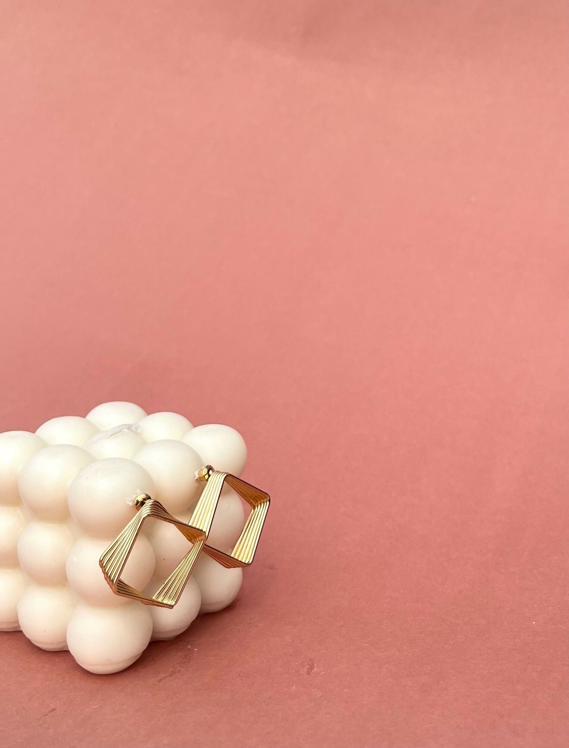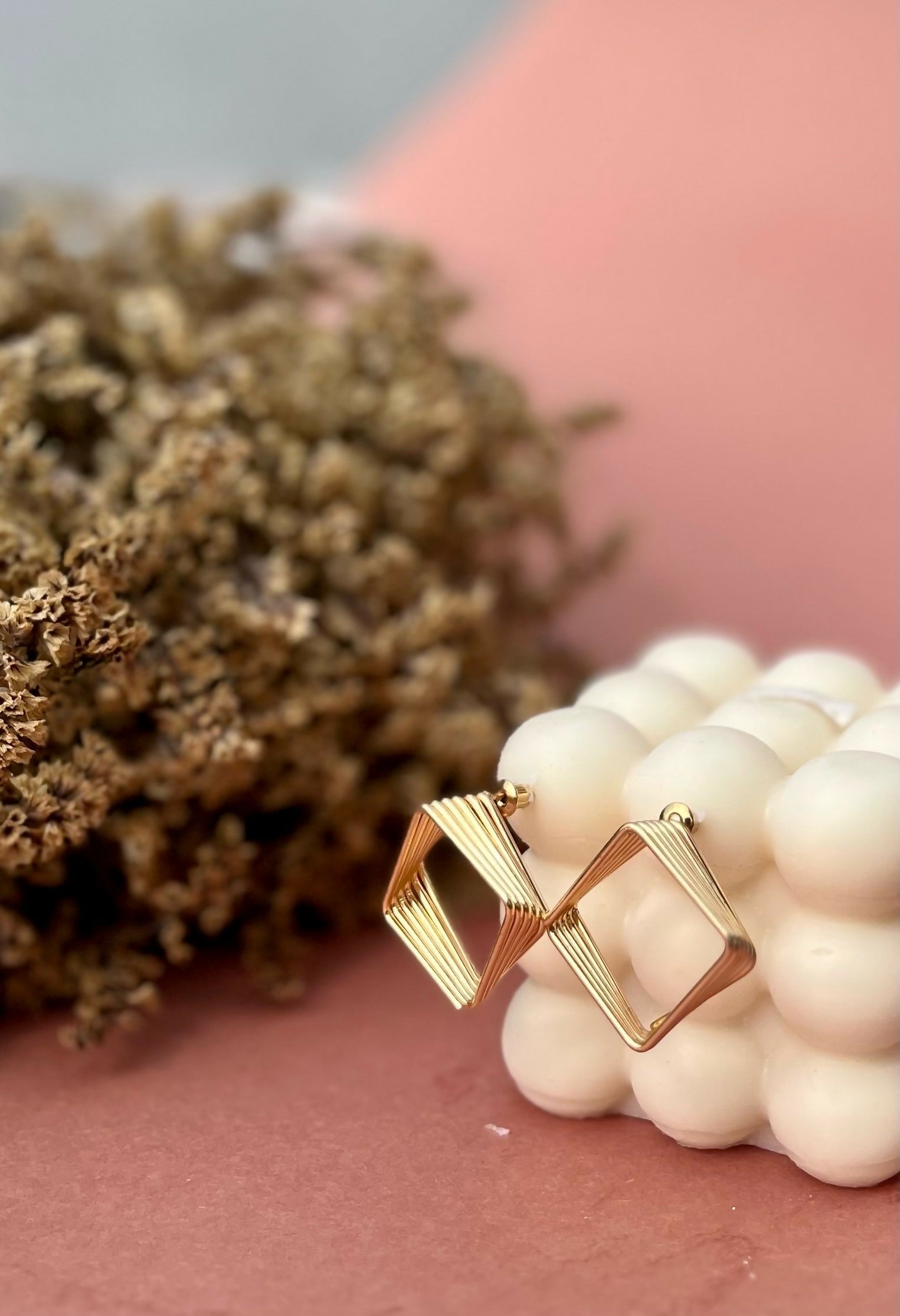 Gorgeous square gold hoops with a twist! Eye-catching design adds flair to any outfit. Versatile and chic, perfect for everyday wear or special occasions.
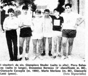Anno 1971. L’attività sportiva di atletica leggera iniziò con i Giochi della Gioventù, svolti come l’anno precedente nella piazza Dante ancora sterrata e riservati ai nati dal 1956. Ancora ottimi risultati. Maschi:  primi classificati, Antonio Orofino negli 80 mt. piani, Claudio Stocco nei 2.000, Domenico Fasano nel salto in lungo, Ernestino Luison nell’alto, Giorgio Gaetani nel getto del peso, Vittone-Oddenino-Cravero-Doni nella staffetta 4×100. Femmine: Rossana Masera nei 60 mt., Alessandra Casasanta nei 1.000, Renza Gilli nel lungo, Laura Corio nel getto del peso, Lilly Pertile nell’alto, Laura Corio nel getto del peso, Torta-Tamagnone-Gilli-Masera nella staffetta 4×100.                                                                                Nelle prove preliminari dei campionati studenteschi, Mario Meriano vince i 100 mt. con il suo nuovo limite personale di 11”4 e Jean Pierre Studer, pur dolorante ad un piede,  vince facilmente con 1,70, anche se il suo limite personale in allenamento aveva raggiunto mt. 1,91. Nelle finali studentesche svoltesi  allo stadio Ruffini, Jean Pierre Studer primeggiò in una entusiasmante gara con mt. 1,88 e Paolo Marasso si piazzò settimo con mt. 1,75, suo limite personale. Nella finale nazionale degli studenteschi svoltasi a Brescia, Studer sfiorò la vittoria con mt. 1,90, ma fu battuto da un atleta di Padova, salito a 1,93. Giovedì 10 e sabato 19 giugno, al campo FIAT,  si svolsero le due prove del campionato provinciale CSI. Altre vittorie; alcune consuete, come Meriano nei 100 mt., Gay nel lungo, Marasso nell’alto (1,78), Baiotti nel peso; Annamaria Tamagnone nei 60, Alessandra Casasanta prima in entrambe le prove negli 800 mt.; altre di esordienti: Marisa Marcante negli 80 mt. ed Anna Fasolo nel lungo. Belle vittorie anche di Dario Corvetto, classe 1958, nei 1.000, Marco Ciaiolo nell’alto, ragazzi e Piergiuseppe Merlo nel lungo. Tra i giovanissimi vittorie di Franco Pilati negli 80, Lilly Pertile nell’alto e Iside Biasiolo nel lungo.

* * *

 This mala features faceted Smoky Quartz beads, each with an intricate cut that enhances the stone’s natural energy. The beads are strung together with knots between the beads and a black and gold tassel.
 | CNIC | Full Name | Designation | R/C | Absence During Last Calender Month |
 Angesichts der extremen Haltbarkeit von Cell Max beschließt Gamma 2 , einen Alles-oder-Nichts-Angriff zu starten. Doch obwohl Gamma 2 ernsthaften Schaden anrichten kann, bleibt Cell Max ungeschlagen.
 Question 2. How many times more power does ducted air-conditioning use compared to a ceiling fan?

*Required action:*
Above are the entries. Copy exactly the part that opens with the line containing "Calender Month |" and closes with the line containing "Question 2. How", and no more.

*Exercise output:*
 | CNIC | Full Name | Designation | R/C | Absence During Last Calender Month |
 Angesichts der extremen Haltbarkeit von Cell Max beschließt Gamma 2 , einen Alles-oder-Nichts-Angriff zu starten. Doch obwohl Gamma 2 ernsthaften Schaden anrichten kann, bleibt Cell Max ungeschlagen.
 Question 2. How many times more power does ducted air-conditioning use compared to a ceiling fan?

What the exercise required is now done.